===== Material for this task
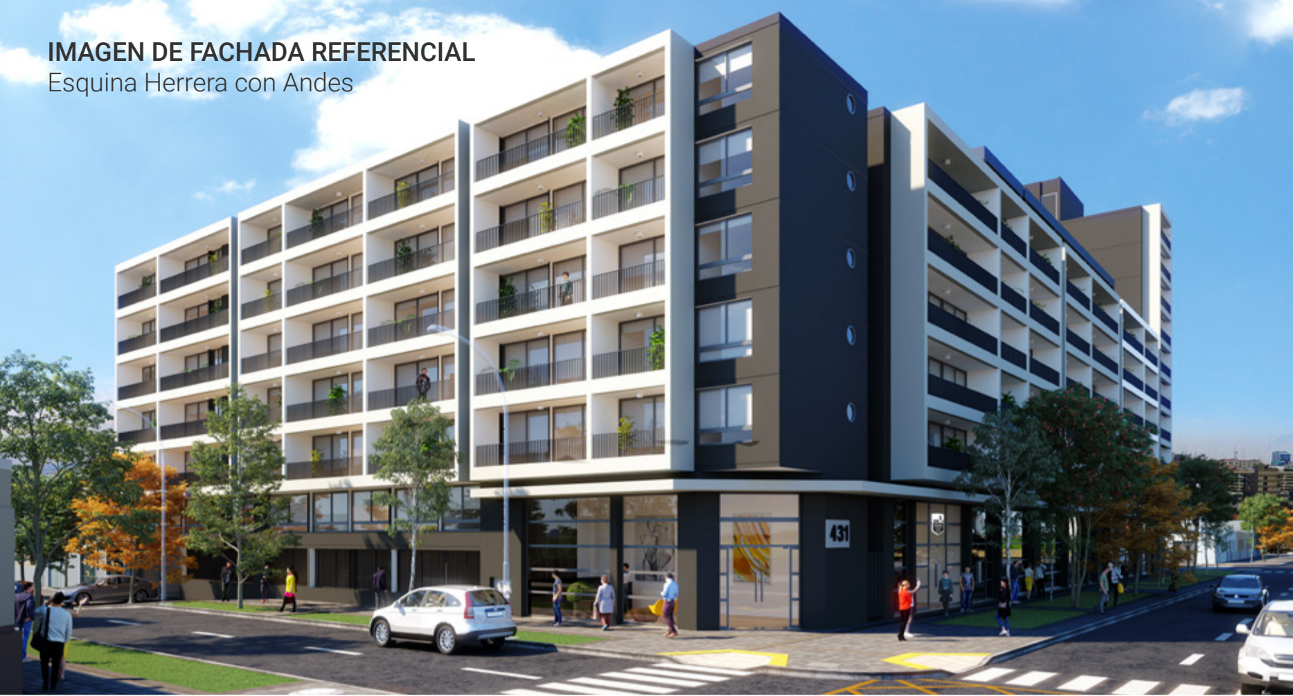
IMAGEN DE FACHADA REFERENCIAL Esquina Herrera con Andes
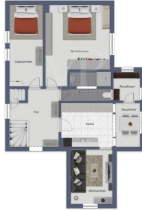
Immagine non scalabile
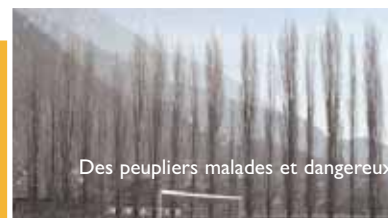
Des peupliers malades et dangereux
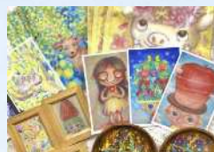
にじいろかめこ 雑貨、ステンシルバッグワークショップ
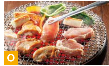
O 熊本県産大阿蘇どり焼肉用モモ・ムネ肉 ムネ 600g、モモ 600g ※冷凍保存 30日
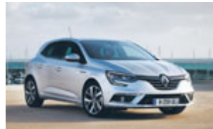
Renault MEGANE Zen Energy dci 90cv
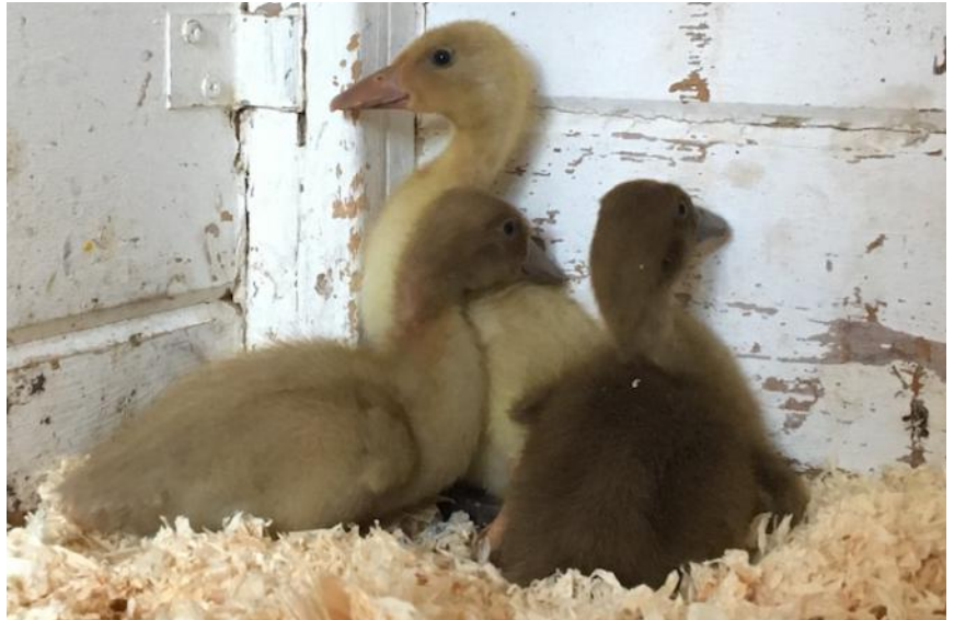
vlnr. Kwek, Kwak, Kwik

Ook onze Orpington eenden zijn inmiddels behoorlijk op leeftijd (8 jaar). In maart leek het er even op dat de woerd (mannetjesceend) erg ziek was en het niet zou gaan halen. Toch is hij weer beter geworden. Onlangs hebben wij drie nieuwe, jonge Orpington eendenkuikens gekocht om de groep weer te versterken. Een mannetje en twee vrouwtjes. Voor de eigen veiligheid zaten ze eerst onder het net naast het kippenhok, maar inmiddels kun je ze zien op een afgezet deel van de weide. Binnenkort zijn ze groot genoeg om de grote weide op te gaan en zich aan te sluiten bij hun oudere soortgenoten.
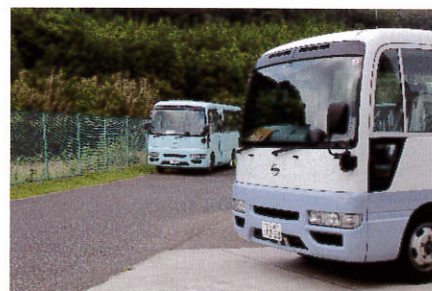
大停電の中、熱中症を防ぐため大活躍した、新旧のこんた号。手前が旧こんた号、奥が新こんた号です。ありがとう。
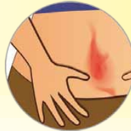
— Εξάνθημα (Κοκκινίλα)
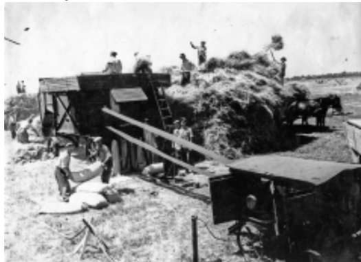
Treieratul la G. A. C. „Mureșul”(1959)

Odată cu colectivizarea și înființarea Gospodăriei Agricole Colective „Mureșul”, proprietarii de altădată au fost nevoiți să lucreze la stat.
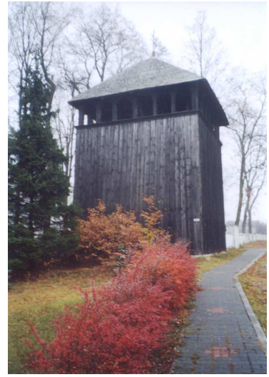
Kościół parafialny p.w. Św. Wawrzyńca z 1848 r. oraz drewniana dzwonnica z 1725 r.
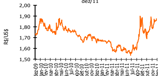
Gráfico 1 - Evolução da taxa de câmbio (R$/US$) - dez/10 - dez/11

Ademais, é importante ressaltar que o dólar teve valorização em relação ao euro no período em função do foco da crise ser na Europa e pela economia norte-americana apresentar recuperação melhor do que a maior parte dos países do velho continente (Tabela 1).
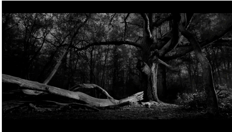
Sahne 7: Black Mirror 4. Sezon 5. Bölüm / Metal Kafa (Metal Head) 19. Dakika 45. Saniye

Robot köpekten kaçan kadın korku ve panik halinde ormanlık alanda büyükçe bir ağaca tırmanmaktadır. Robot köpek ise daha sonra gelip ortamı sensör gibi bir uygulaması ile taramaktadır. Hedefini yani kadını bulmak için sağa sola ve yukarı bakmaktadır.
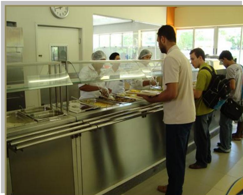
Estudantes almoçam no R.U da UFBA
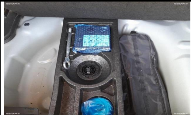
DAÑOS INTERNOS 2
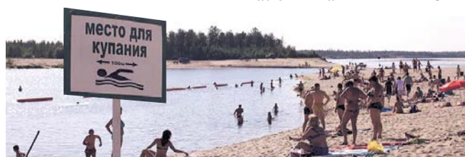
НА ФОТО: ОПРЕДЕЛЕНА БЕЗОПАСНЫЕ ДЛЯ КУПАНИЯ ПЛЯЖИ
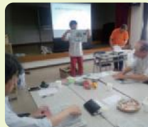
かなざわご近所コラボプロジェクト

郷土史の編集方法について協会コーディネーターから指導を受けました。テーマや項目の選び方、資料収集などの他、住民を巻き込む意味や読まれるための工夫の重要性についても学びました。
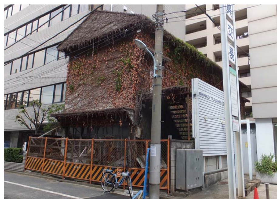
平成26年(2014年)：法政大学跡地付近
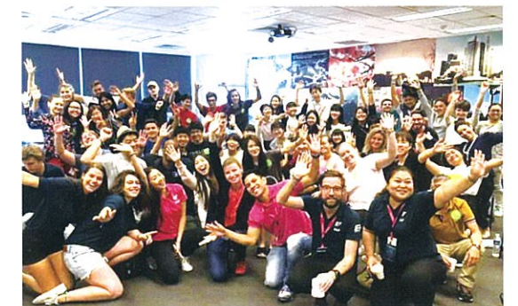
H29シンガポール研修
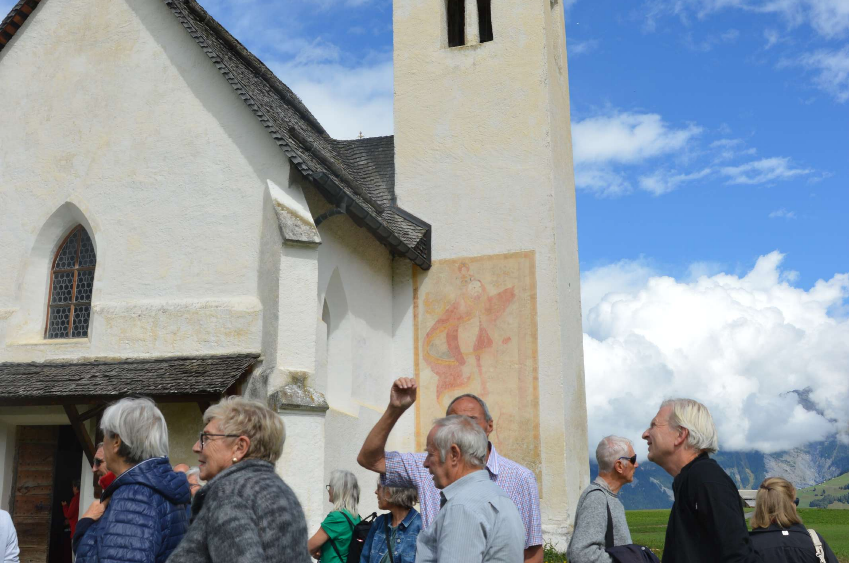
10.9. 2022: Vereinsreise ins Lugnez: Sogn Bistgaun
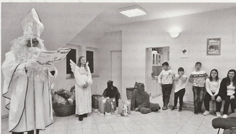
Utrinek z miklavževanja v Lancovi vasi

Dvorana je bila tudi letos dobro zasedena, saj so na srečanje prišli številni otroci iz domače in sosednjih vasi. Najmlajši folklorniki FD Lancova vas so se pod mentorstvom Katje Brodnjak najprej predstavili z nekaterimi ljudskimi plesi, nato pa so skupaj medse priklicali dobrega moža. Ta je na pot tudi letos vzel svoje spremstvo, angela in parklje. Najbolj pogumni so se mu pridružili in mu tudi kaj zapeli ali zmolili, spet drugi so iskali varno zavetje svojih staršev. Sledilo je obdarovanje otrok, skupno
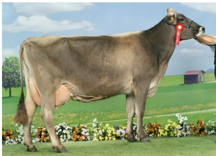
Février REGLISSE EX 91 au concours national en 2006
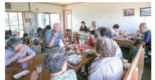
昼食時は満席の店内
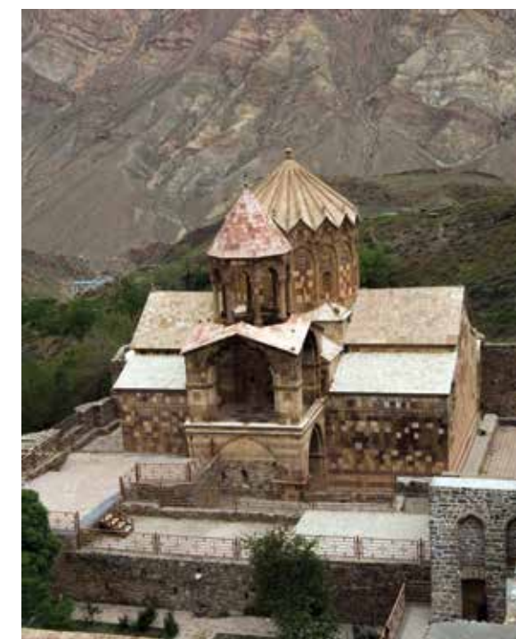
سنت استپانوس؛ کلیسای آرامیده در دامنه کوه‌های چلفا

در خصوص تاریخ ساخت این بنا روایت‌های مختلفی وجود دارد. برخی از مورخان ارمنی معتقدند این دیر توسط یکی از ۱۲ حواری حضرت عیسا به نام «پارتولومئوس مقدس» در همان قرن اول میلادی بنا شده است، و این هنگامی است که بعد از رستاخیز
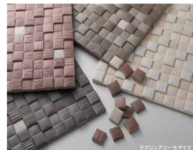
ラグジュアリーモザイク
==========
* _What to work on_:
What you write should match the entries exactly, except that the pictures are dropped.

* _Task answer_:
IMAGEN DE FACHADA REFERENCIAL Esquina Herrera con Andes
Immagine non scalabile
Des peupliers malades et dangereux
にじいろかめこ 雑貨、ステンシルバッグワークショップ
O 熊本県産大阿蘇どり焼肉用モモ・ムネ肉 ムネ 600g、モモ 600g ※冷凍保存 30日
Renault MEGANE Zen Energy dci 90cv
vlnr. Kwek, Kwak, Kwik

Ook onze Orpington eenden zijn inmiddels behoorlijk op leeftijd (8 jaar). In maart leek het er even op dat de woerd (mannetjesceend) erg ziek was en het niet zou gaan halen. Toch is hij weer beter geworden. Onlangs hebben wij drie nieuwe, jonge Orpington eendenkuikens gekocht om de groep weer te versterken. Een mannetje en twee vrouwtjes. Voor de eigen veiligheid zaten ze eerst onder het net naast het kippenhok, maar inmiddels kun je ze zien op een afgezet deel van de weide. Binnenkort zijn ze groot genoeg om de grote weide op te gaan en zich aan te sluiten bij hun oudere soortgenoten.
大停電の中、熱中症を防ぐため大活躍した、新旧のこんた号。手前が旧こんた号、奥が新こんた号です。ありがとう。
— Εξάνθημα (Κοκκινίλα)
Treieratul la G. A. C. „Mureșul”(1959)

Odată cu colectivizarea și înființarea Gospodăriei Agricole Colective „Mureșul”, proprietarii de altădată au fost nevoiți să lucreze la stat.
Kościół parafialny p.w. Św. Wawrzyńca z 1848 r. oraz drewniana dzwonnica z 1725 r.
Gráfico 1 - Evolução da taxa de câmbio (R$/US$) - dez/10 - dez/11

Ademais, é importante ressaltar que o dólar teve valorização em relação ao euro no período em função do foco da crise ser na Europa e pela economia norte-americana apresentar recuperação melhor do que a maior parte dos países do velho continente (Tabela 1).
Sahne 7: Black Mirror 4. Sezon 5. Bölüm / Metal Kafa (Metal Head) 19. Dakika 45. Saniye

Robot köpekten kaçan kadın korku ve panik halinde ormanlık alanda büyükçe bir ağaca tırmanmaktadır. Robot köpek ise daha sonra gelip ortamı sensör gibi bir uygulaması ile taramaktadır. Hedefini yani kadını bulmak için sağa sola ve yukarı bakmaktadır.
Estudantes almoçam no R.U da UFBA
DAÑOS INTERNOS 2
НА ФОТО: ОПРЕДЕЛЕНА БЕЗОПАСНЫЕ ДЛЯ КУПАНИЯ ПЛЯЖИ
かなざわご近所コラボプロジェクト

郷土史の編集方法について協会コーディネーターから指導を受けました。テーマや項目の選び方、資料収集などの他、住民を巻き込む意味や読まれるための工夫の重要性についても学びました。
平成26年(2014年)：法政大学跡地付近
H29シンガポール研修
10.9. 2022: Vereinsreise ins Lugnez: Sogn Bistgaun
Utrinek z miklavževanja v Lancovi vasi

Dvorana je bila tudi letos dobro zasedena, saj so na srečanje prišli številni otroci iz domače in sosednjih vasi. Najmlajši folklorniki FD Lancova vas so se pod mentorstvom Katje Brodnjak najprej predstavili z nekaterimi ljudskimi plesi, nato pa so skupaj medse priklicali dobrega moža. Ta je na pot tudi letos vzel svoje spremstvo, angela in parklje. Najbolj pogumni so se mu pridružili in mu tudi kaj zapeli ali zmolili, spet drugi so iskali varno zavetje svojih staršev. Sledilo je obdarovanje otrok, skupno
Février REGLISSE EX 91 au concours national en 2006
昼食時は満席の店内
سنت استپانوس؛ کلیسای آرامیده در دامنه کوه‌های چلفا

در خصوص تاریخ ساخت این بنا روایت‌های مختلفی وجود دارد. برخی از مورخان ارمنی معتقدند این دیر توسط یکی از ۱۲ حواری حضرت عیسا به نام «پارتولومئوس مقدس» در همان قرن اول میلادی بنا شده است، و این هنگامی است که بعد از رستاخیز
ラグジュアリーモザイク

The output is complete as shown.